British virologist (born 1949)

Sir Michael Houghton (born 1949) is a British scientist and Nobel Prize laureate. Along with Qui-Lim Choo, George Kuo and Daniel W. Bradley, he co-discovered hepatitis C in 1989. He also co-discovered the hepatitis D genome in 1986. The discovery of the hepatitis C virus (HCV) led to the rapid development of diagnostic reagents to detect HCV in blood supplies, which has reduced the risk of acquiring HCV through blood transfusion from one in three to about one in two million.
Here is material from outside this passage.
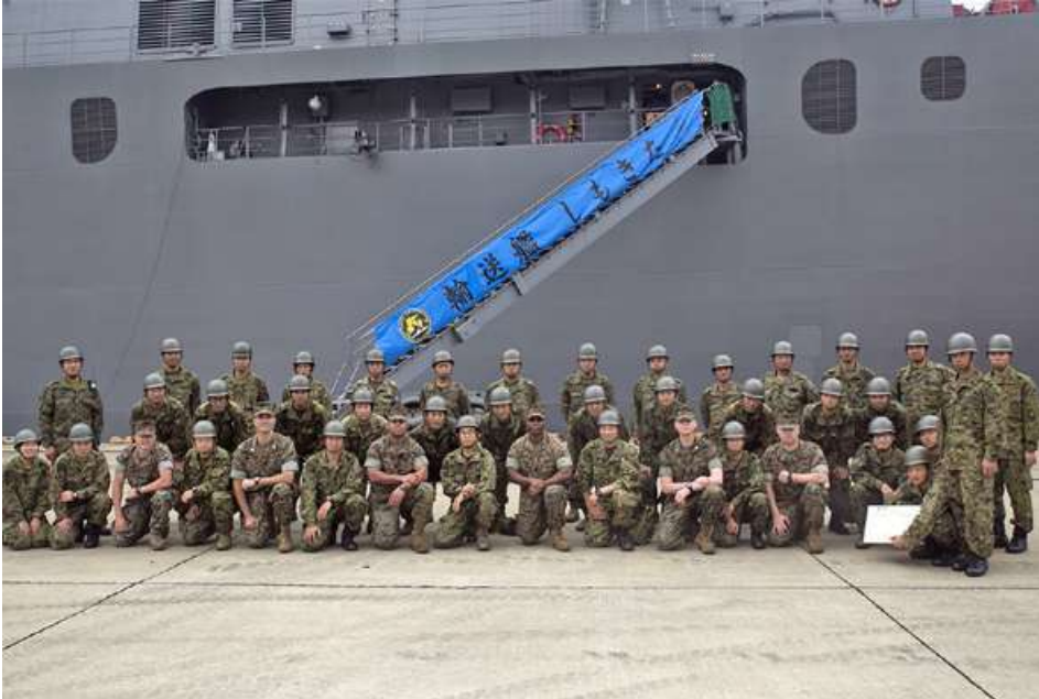
အုပ်ချုပ်ထောက်ပံ့မှု

ပို့ဆောင်ရေးလေယာဉ် အစင်း ၃၀ ခန့်သာရှိသည်။ ထို့ပြင် ကိုယ်ပိုင်မရိန်းတပ်ဖွဲ့သည်လည်း ကုန်းရေနှစ်သွယ်စစ်ဆင်ရေးအတွက် များစွာအသုံးတည့်သော တင့်ကားများရွှေ့ပြောင်းနိုင်သည့် တင့်ကားတင်ကမ်းထိုးစစ်ရေးယာဉ် (LST) သုံးစီးသာ ပိုင်ဆိုင်ထားရှိသည်။ လက်ရှိ ကမ်းထိုးစစ်ရေးယာဉ်များသည် ARDB အတွက် လေ့ကျင့်မှုနှင့် စစ်မက်ဖြစ်ပွားချိန်တွင် ပေါင်းစပ်တာဝန်ထမ်းဆောင်နိုင်ရန် လိုအပ်ချက်ရှိနေဆဲပင်ဖြစ်သည်။ ၎င်းအရေးအတွက်သည် အရေးပေါ်လေကြောင်းချိန်နှင့် ကုန်းရေနှစ်သွယ်စစ်ဆင်ရေးများ၏လိုအပ်ချက်များ၊ ဂျပန်နိုင်ငံ၏ဝေးကွာသော ကျွန်းစုများကိုကျူးကျော်လာပါက အရေးပေါ်တပ်ဖြန့်ချိထားနိုင်ရန် လိုအပ်ချက်ရှိနေဆဲပင်ဖြစ်သည်။

It is estimated that antibody testing has prevented at least 40,000 new infections per year in the US alone and many more worldwide.

Houghton is currently Canada Excellence Research Chair in Virology and Li Ka Shing Professor of Virology at the University of Alberta, where he is also director of the Li Ka Shing Applied Virology Institute. He was the co-recipient of the 2020 Nobel Prize in Physiology or Medicine along with Harvey J. Alter and Charles M. Rice.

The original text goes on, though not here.